We turn to the appeal against the assessment of the compensatory award. In relation to that, two main objections are made. The first is that the Respondent started to received sickness benefit immediately his employment with the Appellants was terminated and continued to do so until the date of the Tribunal hearing. In addition, he received invalidity benefit and an advancement of pension rights. It is suggested, that in those circumstances, no compensatory award should have been made because, if the Respondent had been sick, he would not have been earning his normal wages.
The point it wholly misconceived, however, because the Tribunal found that, on the Monday following his dismissal, the Respondent visited his general practitioner in a state of shock and depression brought about by his dismissal. He was prescribed tranquillizers, although he had never before required or been prescribed such drugs and he was still taking them at the date of the hearing. Moreover, the Tribunal found as fact that the Respondent would have continued to do his job but for his dismissal. It is clear that there was a causal relationship between the dismissal and Respondent's incapacity after his dismissal. It was, therefore, appropriate for a compensatory award to be made.

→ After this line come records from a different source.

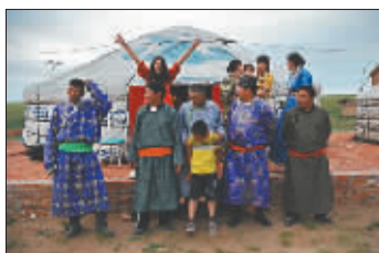
←晚上,身着民族服装的5位牧马人来到团结哥哥和弟弟的蒙古包参加聚会。
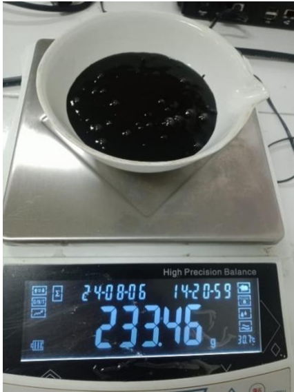
Pembuatan Formulasi Masker Gel Pell-Off
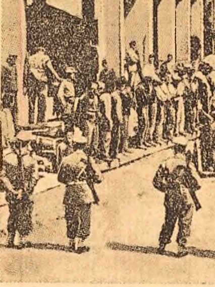
Un aspect al luptelor muncitorești frecvent în Italia: minele din Amlata au fost ocupate de muncitori care încearcă să împiedice asfințirea concedierii anunțată a 735 dintre tovarășii lor. În fotografie: rufele minerilor care au rămas în subteran așteptînd la intrarea minelor.

În descherea rezoluției se vorbește despre necesitatea îmbunătățirii continue a măiestriei artistice, a în-bunătățirii muncii cu încredințat ta-lentat — noul schimb al literaturii.
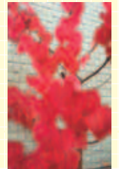
萌えるハート
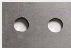
Veľmi presná kruhovitosť otvorov
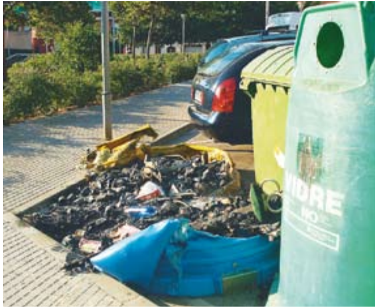
Dos dels contenidors de plàstic cremats, aquests al carrer Anselm Clavé

El cap dels Bombers va manifestar que van haver de fer 12 sortides, algunes per falsa alarma. "Ens trucaven per columnes de fum que sortien de contenidors, però van resultar falses alarmes", va afirmar Casajuana.
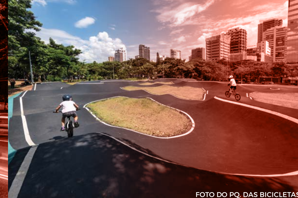
FOTO DO PQ. DAS BICILETAS

ACADEMIAS RESTAURANTES BARES FÁCIL ACESSO
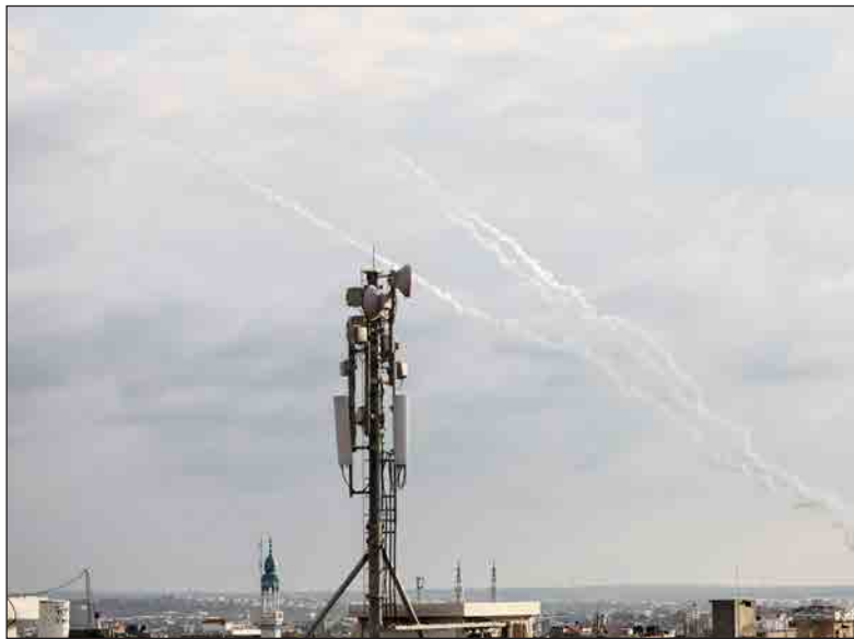
إطلاق رشقات صاروخية تجاه أراضيها المحتلة
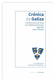
CRÓNICA DA GALIZA JEAN FROISSART
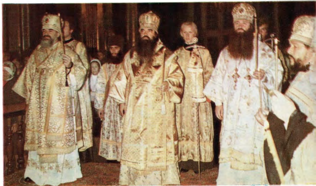
Всенощное бдение в субботу 24 сентября 1983 года в Успенском кафедральном соборе в г. Смоленске. Слева направо — архиепископ Смоленский и Вяземский Феодосий, митрополит Минский и Белорусский Филарет, Патриарший Экзарх Западной Европы, архиепископ Тульский и Белевский Герман
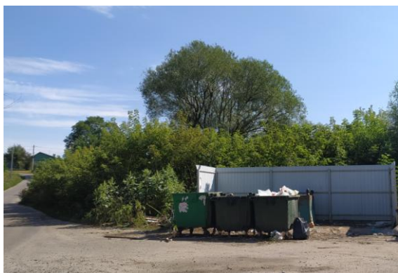
Фото 3. Контейнеры для ТБО д.Кукуевка

The only remaining question is whether or not the period of the compensatory award should have been terminated at a date before the hearing in June 1993. That issue was canvassed and the point about the Respondent being unfit to work since the date of his dismissal was expressly put to the Tribunal, who rejected it because the Respodent sais that he had not been able to work due to a combination of his current state of nerves, depression and his one lung; he stressed that he would have carried on his job if he had not been dismissed. It was open to the Tribunal, therefore, to conclude that the Respondent had continued to be incapacitated because of his dismissal up to the date of the hearing. No question of failure to mitigate his damage arose on that finding and the Respondent was entitled to a compensatory award up to the date of the hearing.
The other point made or suggested by the Appellants is that the Tribunal failed to take into account the question whether or not the Respondent would or might have been dismissed fairly on the ground of ill health or incapacity after a comparatively short time, that is, a comparatively short time after October 1991 and before the date of hearing. However, it is abundantly clear from paragraphs 6 and 7 of the statement of reasons, that the question of possible later dismissal was in the forefront of the minds of the Tribunal. They terminated the compensatory award at the date of hearing before them and refused to award any sum in respect of loss of future earnings or pension loss. The only faint suggestion that can be made, therefore, is that, by some curious omission, they failed to have in mind the question of dismissal on the ground of ill health or incapacity before the hearing, although they had it fully in mind in considering the future.
In our judgment such an allegation is quite unsustainable. There was evidence before the Tribunal to justify an award up to the date of the hearing below. Matters of assessment of this kind are always difficult and Industrial Tribunals have to do the best that they can on the evidence before them. The Respondent was representing himself and understandably, therefore, was not armed with any medical evidence. We can see no justification as a matter of law for interfering with the award made by the Industrial Tribunal and that appeal must also be dismissed.